So sorry for you! It's a hard choice to make. There is no right or wrong and you have to do what you think is best for you and the old pony. Hopefully the mare has some other buddies otherwise she may get very lonely after he goes. I have had the vet euthanize and also had a local rendering company do it (they shoot them). It sounds gross and all, but the rendering guy was far quicker and cleaner death for the animal and was MUCH more affordable as I didn't have a vet charge plus the cost of hauling the carcass. We led the old mare out from her corral mates to the other side of a horse trailer. Put some grain on the ground and while she munched the guy shot her. She had no idea what was up and thought it was just a treat and death was basically instant. Much less traumatic for the horse, esp if you have one who is shy of injections. Of course, this requires someone who really knows how to shoot them correctly and all that. If I didn't have someone who knew what they were doing I would pay the vet fee for sure.


----------



## haypoint (Oct 4, 2006)

Opinions. I wouldn't have my children watch the Doctors pull the plug on Grandma and I wouldn't encourage spectators, human or horse, to the pony euthanasia process. 
Get someone with a backhoe lined up. Stable all animals, walk the old pony out to where you intend to bury the pony. Let the Vet do the two step process. Walk away after the pony lays down.Leave the hole digging and shoving into the hole to the backhoe operator. You really don't need any graphic memories.


----------



## CheerfulMom4 (May 21, 2008)

I had read so many different things when we had to put down our old guy. In the end we ended up doing what haypoint suggested and all was well. The mare that was left whinnied here and there for a few days and then was fine.


----------



## Annsni (Oct 27, 2006)

haypoint said:


> Opinions. I wouldn't have my children watch the Doctors pull the plug on Grandma and I wouldn't encourage spectators, human or horse, to the pony euthanasia process.
> Get someone with a backhoe lined up. Stable all animals, walk the old pony out to where you intend to bury the pony. Let the Vet do the two step process. Walk away after the pony lays down.Leave the hole digging and shoving into the hole to the backhoe operator. You really don't need any graphic memories.

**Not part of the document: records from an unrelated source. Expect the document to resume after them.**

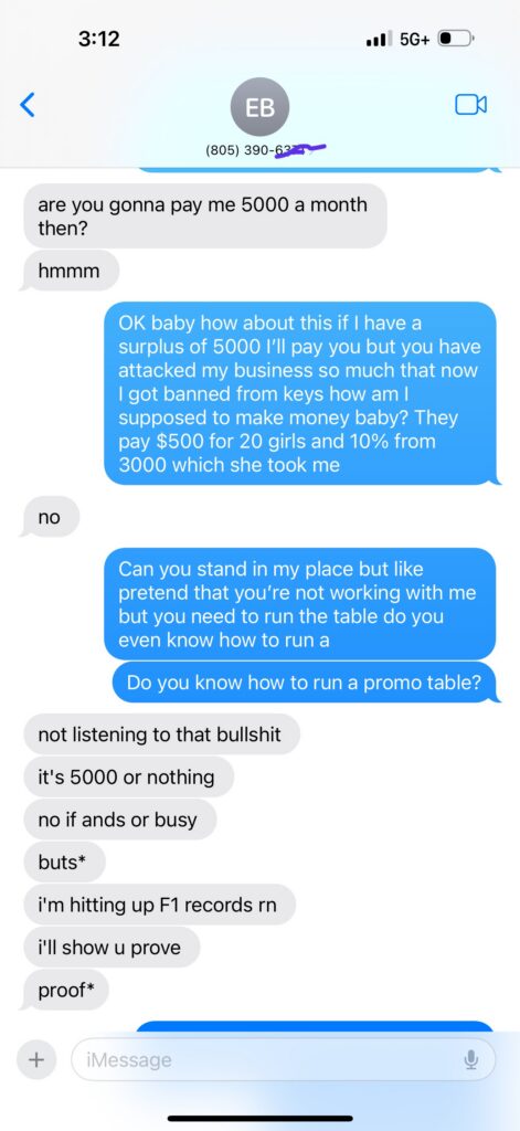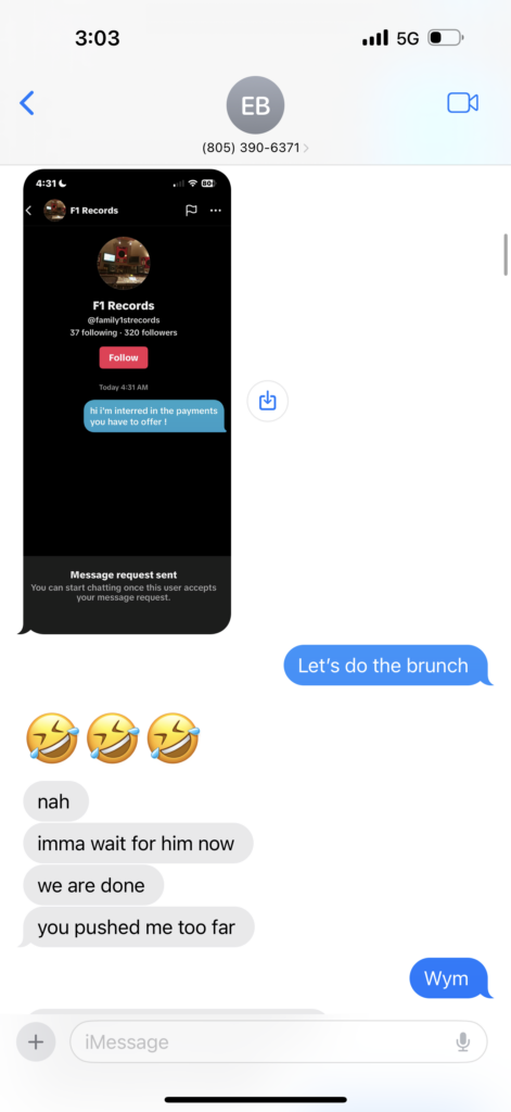 Months five and six ramped it up. Unhappiness with the flow led to direct statements about making things difficult, proposals for regular meets at fixed amounts – “350 for the session” or similar. Threats to connect elsewhere appeared often: “If this doesn’t work, I’ll go with someone who can.” Direct outreach to music contacts showed up, like messages to F1 Records about payment options. Verbal rates got thrown around – five thousand for starting points, ten thousand for fuller engagements, or specific figures for acts like that. It was clear: the “relationship” was now a tool to secure the flow, with gifts from “evil men” or rich contacts as the alternative if the main one faltered.
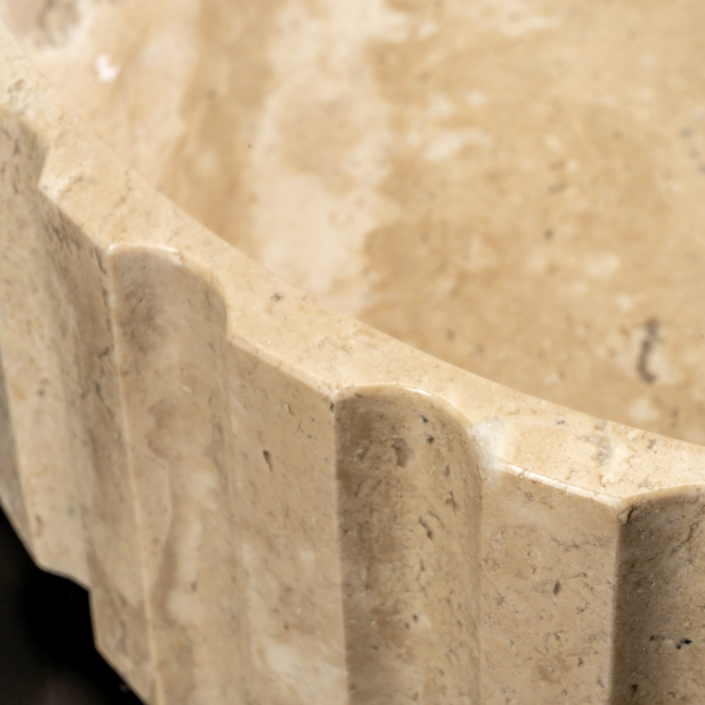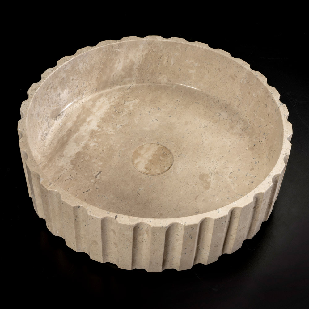 Umywalka nablatowa z trawertynu łączy w sobie kunszt wykonania i wyrafinowaną, luksusową estetykę. Każdy egzemplarz, wyrzeźbiony z jednego bloku trawertynowego marmuru, jest wyjątkowy dzięki charakterystycznym żyłkom i różnicom kolorystycznym, które czynią go ekskluzywnym. Wykonany z tego samego marmuru korek klik-klak nie tylko dopełnia całości, ale także zapewnia nienaganną funkcjonalność. Umywalka ta to elegancki wybór dla osób poszukujących wartościowego mebla, dzięki któremu łazienka stanie się luksusową przestrzenią.
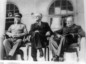 The conference outcome was uncertain. Participation was extended to the countries that had allied in the war against Germany and Japan. Some attendees were questionable. Argentina was suspect. The country had hurriedly declared war against Germany to get in on the meeting and the Soviets suspected she harbored fascist sympathies. Denmark was still occupied by the Nazis with no exile government. Control of Poland was in flux. Unknown to the smaller countries, the Big Three at Yalta had already agreed to certain foundational principles including veto power for the permanent members. Also, at Yalta, Churchill and FDR had agreed to separate membership (and more votes) for Soviet republics of Ukraine and White Russia.
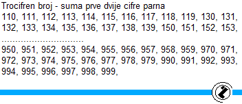 cout << "Trocifren broj - suma prve dvije cifre parna" << endl; // naslov

I certainly wouldn't be comparing horses to humans at all. Horses are herd animals and instinct driven. When they see another animal put down, it doesn't scar them but instead actually allows them to understand why their friend is gone. I took my children to see my grandmother when she was dying and they went to her funeral as well. It helped them to process what happened but I wouldn't compare a human's experience with an animal's. It's quite different.


----------



## haypoint (Oct 4, 2006)

Annsni said:


> I certainly wouldn't be comparing horses to humans at all. Horses are herd animals and instinct driven. When they see another animal put down, it doesn't scar them but instead actually allows them to understand why their friend is gone. I took my children to see my grandmother when she was dying and they went to her funeral as well. It helped them to process what happened but I wouldn't compare a human's experience with an animal's. It's quite different.

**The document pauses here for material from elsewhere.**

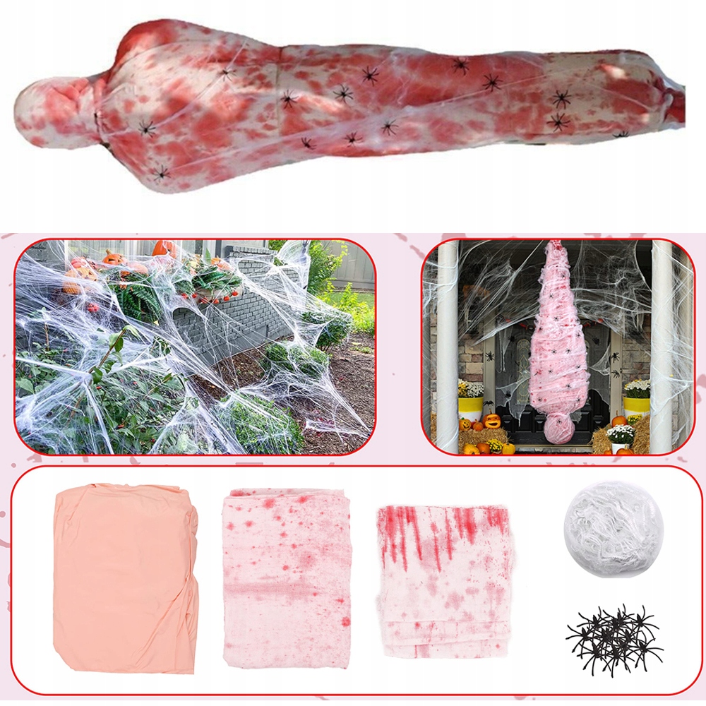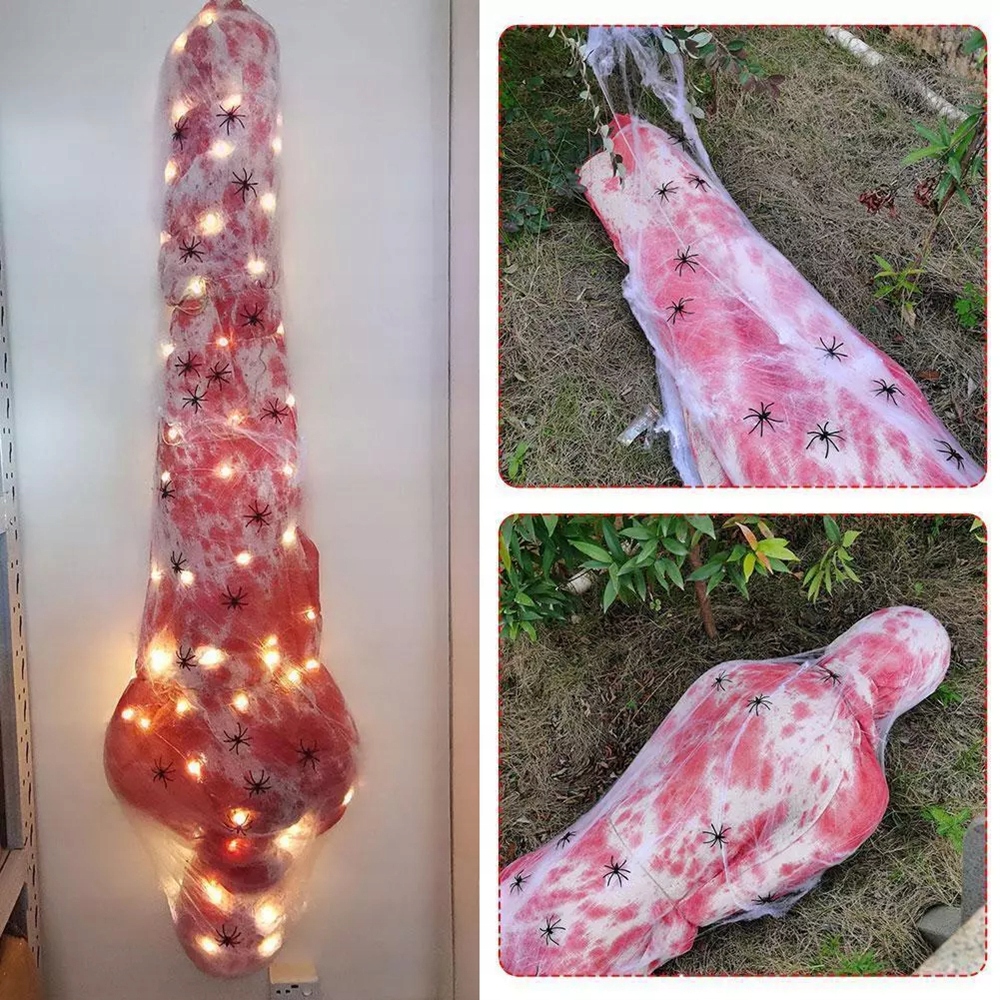Реквізит «Жертва Хелловіну» швидко збирається: просто надуйте опору за допомогою ручного насоса, оберніть тіло та голову смужками тканини та, нарешті, прикрашають павутиною і павуками. Ви можете легко створити моторошний візуальний ефект без будь-яких складних кроків.
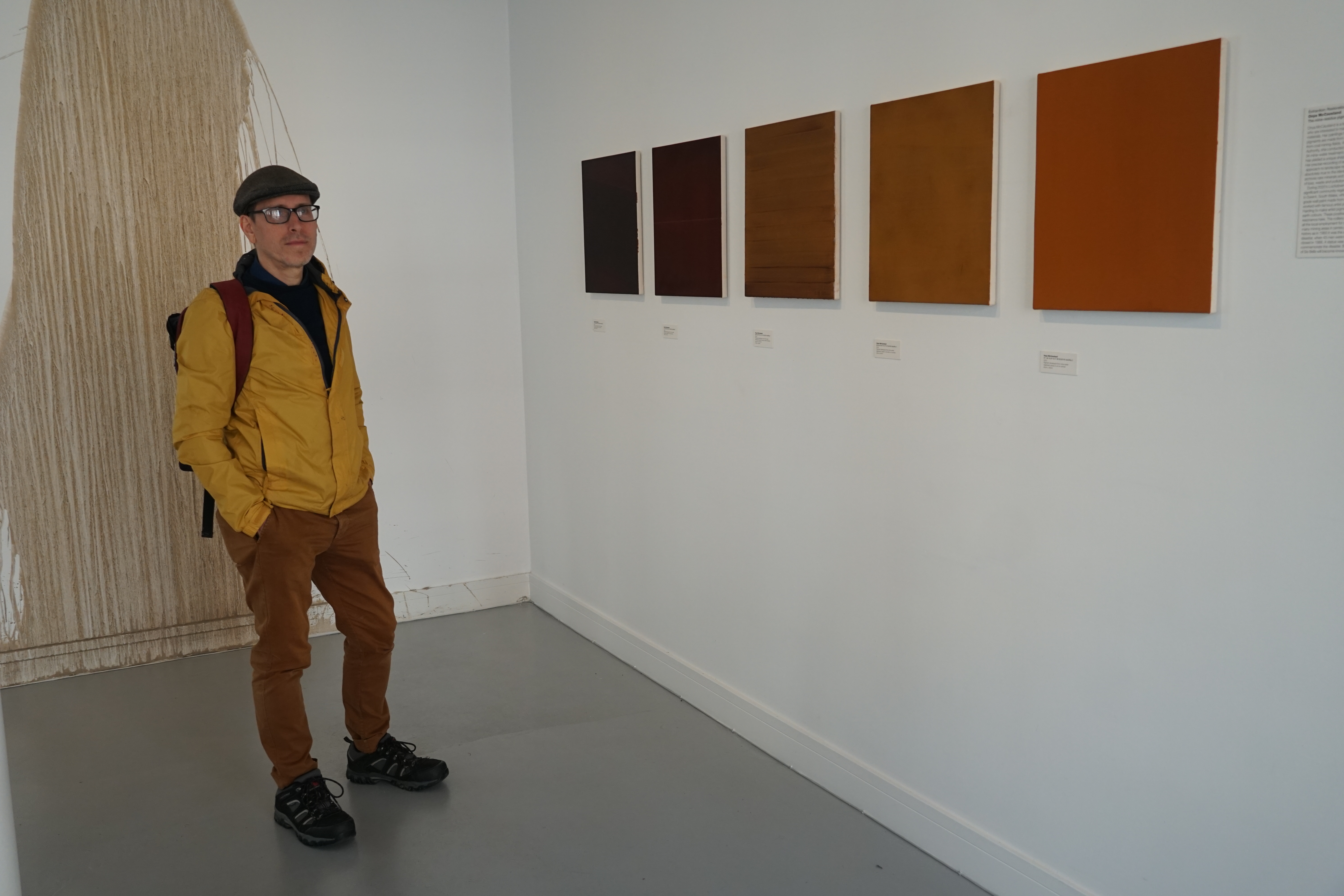 Featured here from the exhibition work by Onya McCausland showing a series of paintings making use of pigments created from mineral residues generated from the processes of mine water treatment. These wonderful ochre shades have been used to create subtle and evocative abstract pieces. And they matched my raincoat rather well!

You are very correct, it is very different. Often humans project emotions to animals that either do not exist at all or are manifested in ways we don't know and have no way of knowing. If you think a horse benefits by viewing the Vet put down his stable mate, then that works for you. 
I make some distinctions between dying and being put to death. 
Not allowing an animal to suffer through another winter lessens the pain and allows an exit with dignity. For me it is deeply sad moment. I prefer to have it a very private moment. But that is my personal belief. If someone else wants to set up bleachers and sell tickets, who am I to judge?


----------



## Laura (May 10, 2002)

We went through this last fall when my old horse had a heart attack. The younger gelding had never been an only horse. He knew she was sick and stayed with her in that patch of sunshine in the meadow all day. DD sat with her for a few hours saying good-bye, but the gelding never left her side.

When I made the decision to put her down we called Killer, the most compassionate man and humane slaughter guy I've ever known. He chose a spot outside the fence but where the gelding could still see and smell after the deed was done. He was patient and let DD finish saying good-bye, and let our friend feed her plums until she was ready too. He had us hold and brush the gelding up by the barn while he did the deed and covered my mare with a tarp until the backhoe got there.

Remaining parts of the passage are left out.